# Data provided
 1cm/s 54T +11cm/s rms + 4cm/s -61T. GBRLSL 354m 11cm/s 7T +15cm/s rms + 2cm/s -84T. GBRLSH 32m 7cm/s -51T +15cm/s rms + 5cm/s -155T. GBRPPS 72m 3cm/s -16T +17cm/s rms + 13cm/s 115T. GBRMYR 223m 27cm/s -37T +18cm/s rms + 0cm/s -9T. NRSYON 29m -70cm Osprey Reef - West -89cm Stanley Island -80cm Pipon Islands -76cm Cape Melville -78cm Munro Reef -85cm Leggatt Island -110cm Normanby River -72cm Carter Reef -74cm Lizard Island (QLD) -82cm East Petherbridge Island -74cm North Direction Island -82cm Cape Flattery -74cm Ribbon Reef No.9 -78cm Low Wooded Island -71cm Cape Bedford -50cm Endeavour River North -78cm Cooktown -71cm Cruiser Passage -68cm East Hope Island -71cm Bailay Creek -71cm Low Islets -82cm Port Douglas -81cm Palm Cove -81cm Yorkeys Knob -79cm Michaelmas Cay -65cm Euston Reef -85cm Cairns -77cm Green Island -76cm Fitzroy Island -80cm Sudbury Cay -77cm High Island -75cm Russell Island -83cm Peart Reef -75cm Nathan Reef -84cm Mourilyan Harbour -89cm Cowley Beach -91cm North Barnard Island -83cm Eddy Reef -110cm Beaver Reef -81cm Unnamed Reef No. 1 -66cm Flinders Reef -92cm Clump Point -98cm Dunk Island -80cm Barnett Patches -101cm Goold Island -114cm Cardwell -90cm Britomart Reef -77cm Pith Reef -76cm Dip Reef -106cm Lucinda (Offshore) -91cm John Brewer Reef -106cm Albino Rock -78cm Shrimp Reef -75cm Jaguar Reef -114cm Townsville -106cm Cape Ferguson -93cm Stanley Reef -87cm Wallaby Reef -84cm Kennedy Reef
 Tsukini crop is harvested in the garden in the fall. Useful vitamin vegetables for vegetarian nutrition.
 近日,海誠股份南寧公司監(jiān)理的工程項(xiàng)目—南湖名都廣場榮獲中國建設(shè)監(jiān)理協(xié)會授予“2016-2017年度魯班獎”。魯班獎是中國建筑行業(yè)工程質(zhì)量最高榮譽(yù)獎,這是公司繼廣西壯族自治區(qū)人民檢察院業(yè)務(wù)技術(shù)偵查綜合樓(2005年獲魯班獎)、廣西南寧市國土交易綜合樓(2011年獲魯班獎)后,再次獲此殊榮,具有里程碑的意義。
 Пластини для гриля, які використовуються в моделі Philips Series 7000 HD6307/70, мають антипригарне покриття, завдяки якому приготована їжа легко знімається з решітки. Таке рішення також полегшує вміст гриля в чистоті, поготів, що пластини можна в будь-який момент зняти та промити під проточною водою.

...

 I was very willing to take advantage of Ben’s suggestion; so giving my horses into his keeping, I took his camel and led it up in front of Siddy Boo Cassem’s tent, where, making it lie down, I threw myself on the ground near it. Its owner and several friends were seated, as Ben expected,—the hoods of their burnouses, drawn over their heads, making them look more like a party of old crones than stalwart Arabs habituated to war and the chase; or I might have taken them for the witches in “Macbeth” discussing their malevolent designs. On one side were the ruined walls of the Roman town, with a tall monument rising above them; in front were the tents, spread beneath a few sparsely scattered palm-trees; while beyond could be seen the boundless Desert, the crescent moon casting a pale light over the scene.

* * *

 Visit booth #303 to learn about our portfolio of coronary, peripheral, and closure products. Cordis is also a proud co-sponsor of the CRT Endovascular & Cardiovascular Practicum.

# Exercise goal
Copy word for word the stretch of entries above from the line that has "近日,海誠股份南寧公司監(j" through the line that has "Пластини для гриля, які", both ends included, and nothing outside it.

# Reply
 近日,海誠股份南寧公司監(jiān)理的工程項(xiàng)目—南湖名都廣場榮獲中國建設(shè)監(jiān)理協(xié)會授予“2016-2017年度魯班獎”。魯班獎是中國建筑行業(yè)工程質(zhì)量最高榮譽(yù)獎,這是公司繼廣西壯族自治區(qū)人民檢察院業(yè)務(wù)技術(shù)偵查綜合樓(2005年獲魯班獎)、廣西南寧市國土交易綜合樓(2011年獲魯班獎)后,再次獲此殊榮,具有里程碑的意義。
 Пластини для гриля, які використовуються в моделі Philips Series 7000 HD6307/70, мають антипригарне покриття, завдяки якому приготована їжа легко знімається з решітки. Таке рішення також полегшує вміст гриля в чистоті, поготів, що пластини можна в будь-який момент зняти та промити під проточною водою.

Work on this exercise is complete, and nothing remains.